Depuis plusieurs semaines, le Rassemblement démocratique du peuple camerounais
(RDPC) multiplie les meetings, plaidant pour une candidature de son chef, M.
Biya, à la prochaine présidentielle, dans une intense campagne qui rappelle
celle qui avait précédé l'adoption d'une révision constitutionnelle controversée
en 2008.
Votée en avril 2008, en dépit de mouvements de contestation et de graves émeutes
qui avaient fait selon des ONG au moins 130 morts, cette réforme avait fait
sauter la limitation du nombre de mandats présidentiels permettant ainsi à Biya
de se représenter. "Ce n'est que lui (Biya) qui peut, pour le moment, continuer
à conduire le Cameroun vers des horizons meilleurs", a affirmé fin octobre dans
un meeting un responsable local du RDPC.
Les ministres ne sont pas en reste: plusieurs d'entre eux ont fait des
déclarations similaires alors que le quotidien d'Etat publie régulièrement des
"motions de soutien" au président émanant de cadres du RDPC. Un groupe de jeunes
proche du parti a même lancé une opération de collecte de fonds censée financer
la caution du candidat Biya. Fidèle à ses habitudes, le président, qui aime
entretenir le flou, n'a cependant pas encore dit clairement s'il serait candidat
ou non.
Une lettre aux Camerounais publiée début novembre pour le 27e anniversaire de
son accession au pouvoir laisse toutefois peu de doutes sur ses intentions. Ce
texte a même marqué "le déclenchement de la campagne pour sa réélection",
analyse le politologue Alain Fogué Tédom.
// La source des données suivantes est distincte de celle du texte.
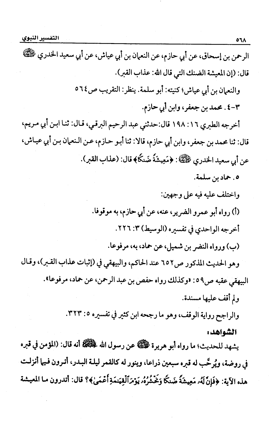 الرحمن بن إسحاق، عن أبي حازم، عن النعمان بن أبي عياش، عن أبي سعيد الخدري -رضي الله عنه- قال: (إن المعيشة الضنك التي قال الله: عذاب القبر).
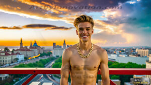 Handsome AI-generated men overlooking a majestic golden city in the heavens — gothic architecture, galactic skies, divine glory.
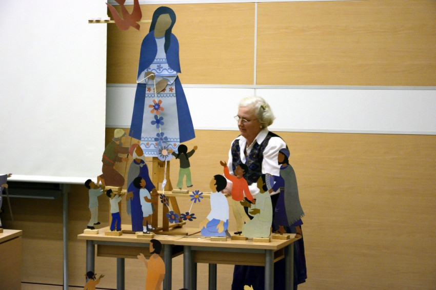 A „Jöjj, kövess engem”-pedagógia arra épít, hogy Isten úgy akarta, hogy láthatóvá váljék a láthatatlan, és erre valahogyan válaszolnunk kell. A válaszadásra való készséget úgy tanulhatjuk meg, ha már gyermekkorban megpróbálunk Istennel együtt lenni – mondta az előadó. Így válik az Istenről való tudás alapjává az istenkapcsolatra való nevelés.

Remerciant les appels pour sa candidature, Biya y affirme notamment vouloir "aller
jusqu'au bout" dans "la recherche de solutions" au chômage et dans "la
lutte contre la corruption". En prenant de tels engagements, Biya sollicite
en contrepartie la "confiance des Camerounais" pour la future présidentielle,
selon M. Fogué. Le slogan du RDPC lors de la célébration des 27 ans au pouvoir
de son chef est aussi évocateur: "Bâtissons l'avenir avec Paul Biya", dit-il.
Toutes les actions menées au cours des dernières semaines par le RDPC "ne sont
pas anodines", estime M. Fogué. Elles montrent que Biya sera candidat mais aussi
"que nous sommes aux portes d'une présidentielle", qui se tiendra probablement
plus tôt que prévu. De fait, des cadres du RDPC dont un ministre ont récemment
demandé publiquement que l'élection se tienne en 2010 et non plus en 2011, sans
cependant donner d'arguments justifiant cette anticipation. Non prévue par la
loi, l'anticipation devrait être précédée par une révision constitutionnelle,
indique un politologue.
Cette mesure permettrait de contrarier et de couper l'herbe sous le pied des
adversaires de Biya qui se trouvent essentiellement dans son propre camp, selon
M. Fogué. Biya pourrait aussi profiter d'une bonne prestation du Cameroun à la
coupe du monde 2010 de football pour organiser l'élection, craint le
vice-président du principal parti d'opposition, le Social Democratic Front
(SDF), Joshua Osih.
"Ce serait une erreur politique grave d'anticiper la présidentielle", juge-t-il,
assurant que le SDF est résolu "à tout faire" pour empêcher la tenue de la
présidentielle (anticipée ou pas) s'il n'y a pas "un minimum de garantie" de
transparence.
Le RDPC n'a pas réagi aux inquiétudes de l'Union européenne qui a fait part mi
novembre de ses doutes sur "la crédibilité des membres de l'organe électoral" et
"leur capacité à organiser les élections dans un délai de 22 mois".